YOUR OBJECTIVE:
What is needed is an exact copy of the records, with the images left out.

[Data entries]
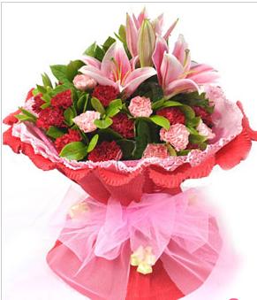 材料包裝: 多頭粉色香水百合1枝,粉色,紅色康乃馨黃28枝,綠葉豐滿。包裝:粉色卷邊紙內(nèi)襯,紅色卷邊紙外圍,粉色紗蝴蝶結(jié)束扎.
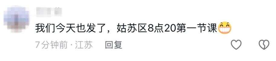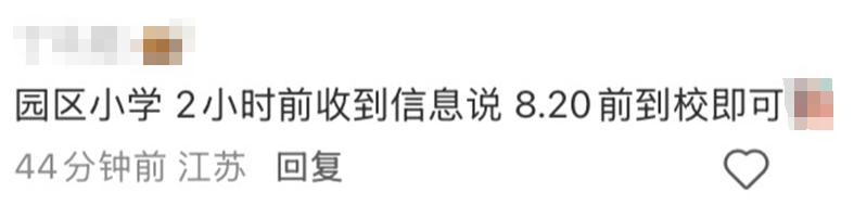 苏州其他区的家长也反馈已经收到学校延迟到校的通知——
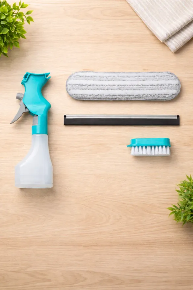 Multifunción: Incluye pulverizador de agua, rasqueta de goma, almohadilla de microfibra y cepillo de fregar.
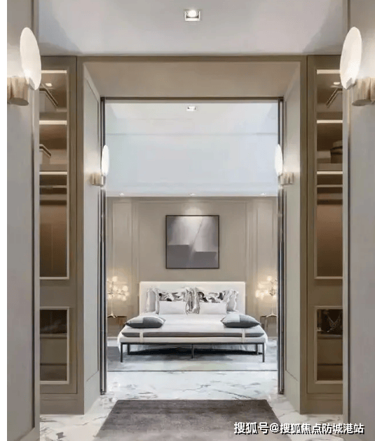 该户型采用向心围合布局,经过精准角度扭转,确保无遮挡视野,推窗即可俯瞰南湖与白云山景观。室内采用法式浪漫设计风格,打造“水晶玻璃盒”式空间,客厅、餐厅、主卧、次卧等主要空间均配备两面以上采光,负一层引入采光天井,让阳光与清风贯穿全屋,记录“光的行走印记”。主卧设计极具仪式感,进门两侧配备超大步入式衣帽间,廊道铺设星光红毯,尽头为睡眠区,搭配落地玻璃窗与简洁天花,营造出自然流畅的空间质感。
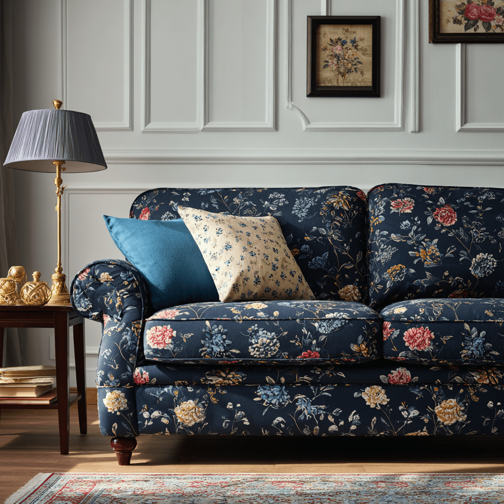 A roll-arm navy sofa with floral patterns can add a charming and classic touch to a living room. The floral designs create a lively atmosphere, while the navy color adds depth and sophistication.
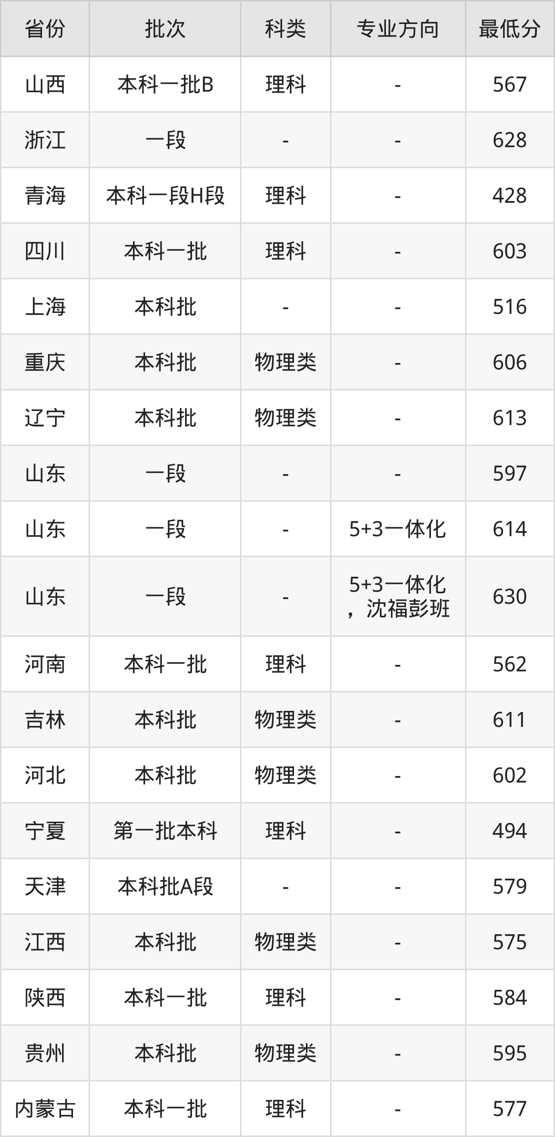 | 批次 | 专业方向 | 最低分 | 位次 |
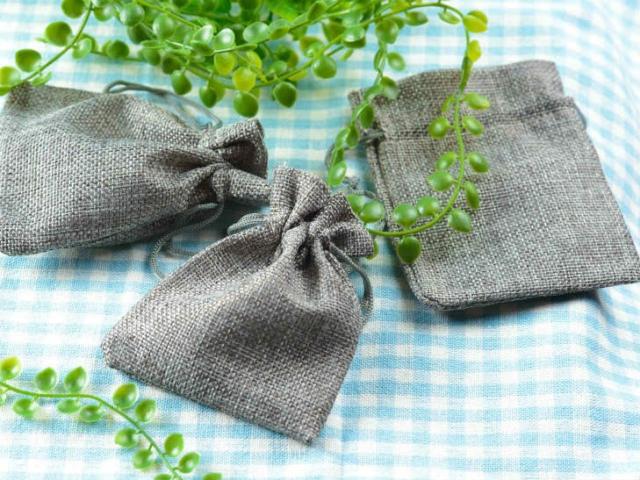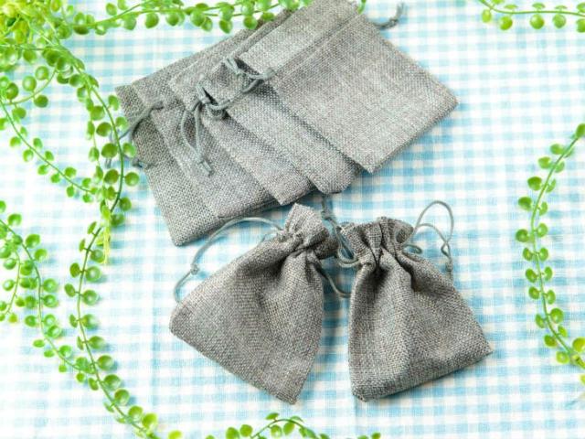 ジュエリー袋 亜麻袋風 88mm 10枚 グレー リネン ジュエリーケース ポーチ 巾着バッグ アクセサリー入れ 包装用品 手芸材料
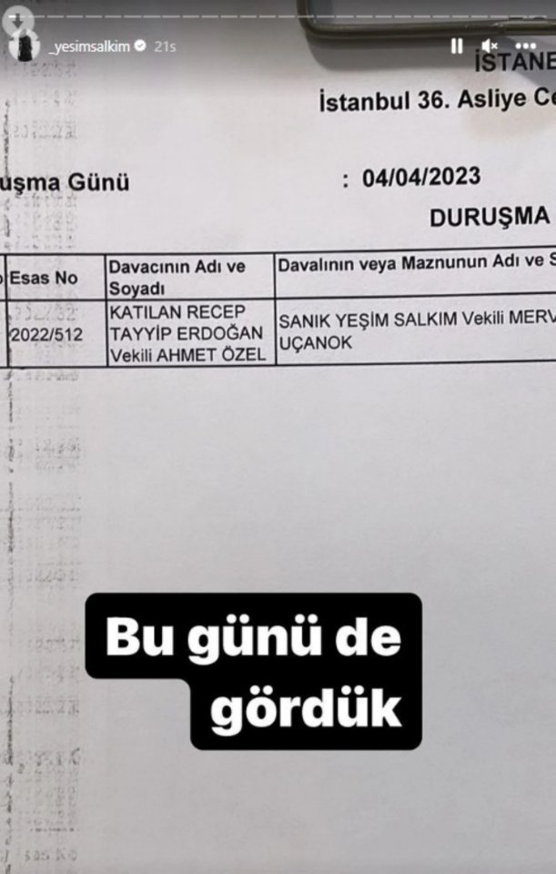 Sosyal medya hesabından İstanbul 36’ıncı Asliye Ceza Mahkemesi’nde görülen duruşmanın listesini paylaşan Yeşim Salkım, “Evet, bunu da gördük” diyerek tepki gösterdi.
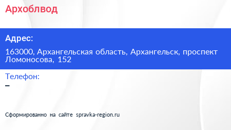 Архоблвод по адресу 163000, Архангельская область, Архангельск, проспект Ломоносова, 152 в дальнейшем Организация, размещена в следующих категориях:

SOLUTION TO THIS TASK:
 材料包裝: 多頭粉色香水百合1枝,粉色,紅色康乃馨黃28枝,綠葉豐滿。包裝:粉色卷邊紙內(nèi)襯,紅色卷邊紙外圍,粉色紗蝴蝶結(jié)束扎.
 苏州其他区的家长也反馈已经收到学校延迟到校的通知——
 Multifunción: Incluye pulverizador de agua, rasqueta de goma, almohadilla de microfibra y cepillo de fregar.
 该户型采用向心围合布局,经过精准角度扭转,确保无遮挡视野,推窗即可俯瞰南湖与白云山景观。室内采用法式浪漫设计风格,打造“水晶玻璃盒”式空间,客厅、餐厅、主卧、次卧等主要空间均配备两面以上采光,负一层引入采光天井,让阳光与清风贯穿全屋,记录“光的行走印记”。主卧设计极具仪式感,进门两侧配备超大步入式衣帽间,廊道铺设星光红毯,尽头为睡眠区,搭配落地玻璃窗与简洁天花,营造出自然流畅的空间质感。
 A roll-arm navy sofa with floral patterns can add a charming and classic touch to a living room. The floral designs create a lively atmosphere, while the navy color adds depth and sophistication.
 | 批次 | 专业方向 | 最低分 | 位次 |
 ジュエリー袋 亜麻袋風 88mm 10枚 グレー リネン ジュエリーケース ポーチ 巾着バッグ アクセサリー入れ 包装用品 手芸材料
 Sosyal medya hesabından İstanbul 36’ıncı Asliye Ceza Mahkemesi’nde görülen duruşmanın listesini paylaşan Yeşim Salkım, “Evet, bunu da gördük” diyerek tepki gösterdi.
 Архоблвод по адресу 163000, Архангельская область, Архангельск, проспект Ломоносова, 152 в дальнейшем Организация, размещена в следующих категориях:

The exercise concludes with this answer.